Magical words are common in myths and fantasies. They, unfortunately, carry little effect in reality.
Wave a magic wand, utter the phrase, and hmmmm….nothing happens in the world. What I am coming to realize, though, is that parents who divorce often stand on the periphery of the reality of the situation of post-divorce life for their children.
Want to know what the magic word is, so repeatedly uttered in my home with stepchildren? The magic word for parents who divorce is “Fine”. Sorry, I wish it were something exciting and engaging like “Abracadabra”, but it’s not. It’s just sad, old, typical, middle of the road, “Fine”.

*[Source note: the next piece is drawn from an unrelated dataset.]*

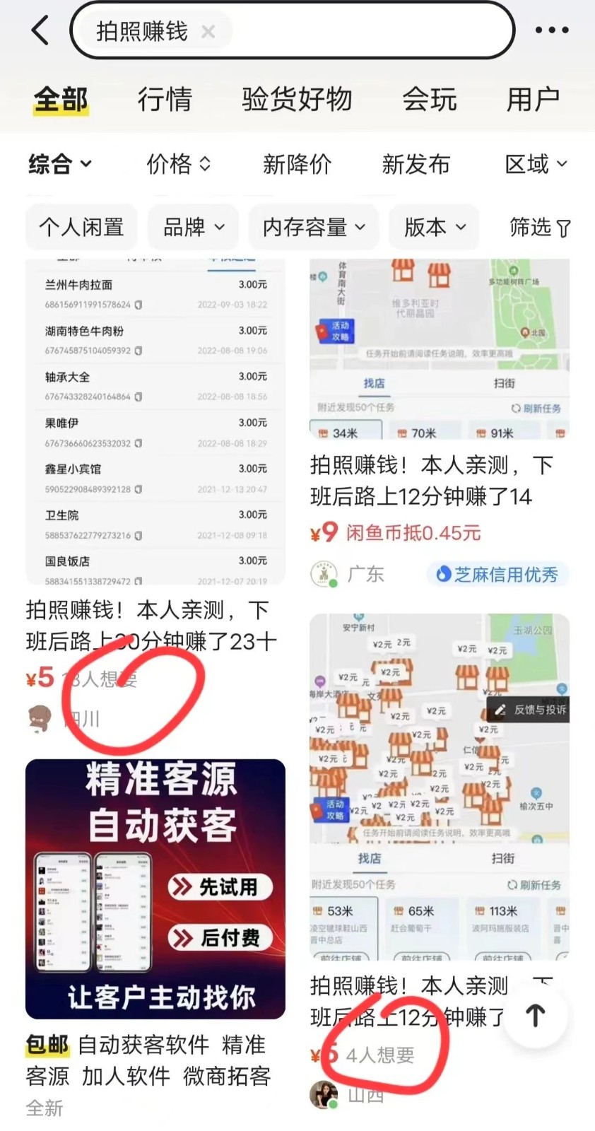 随便去搜索一个项目,需求的人都大把,并且这些项目很多都是之前唐哥免费分享的。 而且之前另外一个号也有讲过,有人包装我的文章上架到咸鱼,单价是几块钱,关键销量还不低,我很佩服这类人,把信息差能玩的这么牛。 我相信大家看完以上案例,基本上心里应该都有个底了。 项目操作流程: 这个操作流程真的没什么好讲的,但还是怕有人不知道,简单为大家讲讲吧! 1、先去开一个咸鱼店铺,这里没有任何门槛。 2、这里先给自己一个定位,想清楚卖点,然后再去搜索对标同行,先去看看他们商品图以及文案话术,然后就是上架产品,卖项目的话,这里唐哥建议大家直接模仿同行的,新人操作自己瞎编可能违规。 3、寻找合适项目上架,这里可以看看唐哥文章项目或者问唐哥(伸手党别来),或者去其他地方寻找。 4、这里大家可以批量上传,一个项目可以多上架几个,你也可以选择只上传一个,不做局限,这里唐哥要跟大家讲一下,一个店铺可以上架50个商品。 5、商品上架之后,记得每天去擦亮一下,提高曝光量。 6、当然,咸鱼币也可以用来买曝光量,获取方式也很简单,随便做几个任务即可,这里大家自行去看看。 7、以上步骤都完成之后,坐等出单即可! 项目分析: 这里建议大家把50个商品位都上传满,因为商品越多曝光量也就越高,如果想要把收益放大直接做矩阵,但是要时刻关注店铺消息,尽量做到秒回,每天都要去检查一下,把数据不高的直接下架,重新上架一个。 项目总结: 这个项目操作难度不大,但是一定要戒骄戒躁,不要心浮气躁,可能前面上架商品稍微麻烦了点,商品上架满之后,就只需等待信息,然后有消息及时回复,每天擦亮一下,清理没有流量的商品,每天花个半小时到一个小时就行了。 那些喜欢两天打鱼三天晒网的朋友还别去操作,别浪费自己的时间。 以上就是“咸鱼搬砖项目”,感兴趣的朋友可以直接去实操。
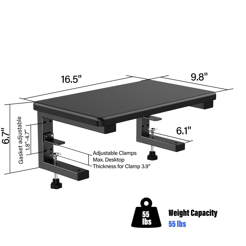 - Sturdy C-Clamps: Two durable C-clamps are not only easy to install, but also securely fasten to your desktop. They can be clamped and can be turned inward to the edge of the desktop, adding a 16.5‘ x 9.8’ high platform and additional storage space, perfect for holding laptops and monitors

You know, the word we all utter when we have little investment or engagement in the issues at hand. Someone asks you, “How are you?” …”Fine”….Nice, non-commital, but still a great way to wrap up the issue and not move further.
Despite my stepchildren displaying obvious emotional and behavioral signs of struggling, the number one thing I have heard from the parents is -you guessed it- “The kids are fine.” “The kids handled the divorce- fine.” “I don’t notice any problems, they are just kids, and they are fine.” “We have always been fine.” “Our divorce is fine” “We have always gotten along fine” “The kids are fine with divorce” “The kids are fine with living in two homes” “The children did fine after the divorce…”
I have sometimes wanted to scream (although I tend not to swear)- “If everything is and was so F***ing fine, why in the hell did you get divorced?”
But, that would be me not believing in the fantasy, wouldn’t it? The fanatasy has always been and always will be that children and divorce exist in one way, “fine”. For to admit otherwise, to acknowledge the fact that divorce is not a temporary crisis for children, and that by the act of the divorce, two parents decided to create an act and situation that has in all likelihood harmed their children and made their children’s life more difficult, is way, way too much to handle for people invested in feeling just “fine”.
I realize this may sound a bit harsh and judgmental of those who divorce,and I have always said, I realize there are very, very sound reasons to divorce. However, no matter how sound the reason for the divorce, to put children through this situation and to only support and prepare them with a wing, prayer, and a hearty “you are fine” is insane. Divorce is not a temporary crisis for a child- it is a truly LIFE-LONG way of being, and being children, they need help and guidance, not pat, ridiculous platitiudes.
From now on the only time I want to hear “fine” in my home is in the following way- “We, as parents, are hoping with our time, commitment, and dedication that our children, the ones we so dearly love, will grow to feel protected and secure and ‘fine’ in this situation of divorce that we, the parents, created”.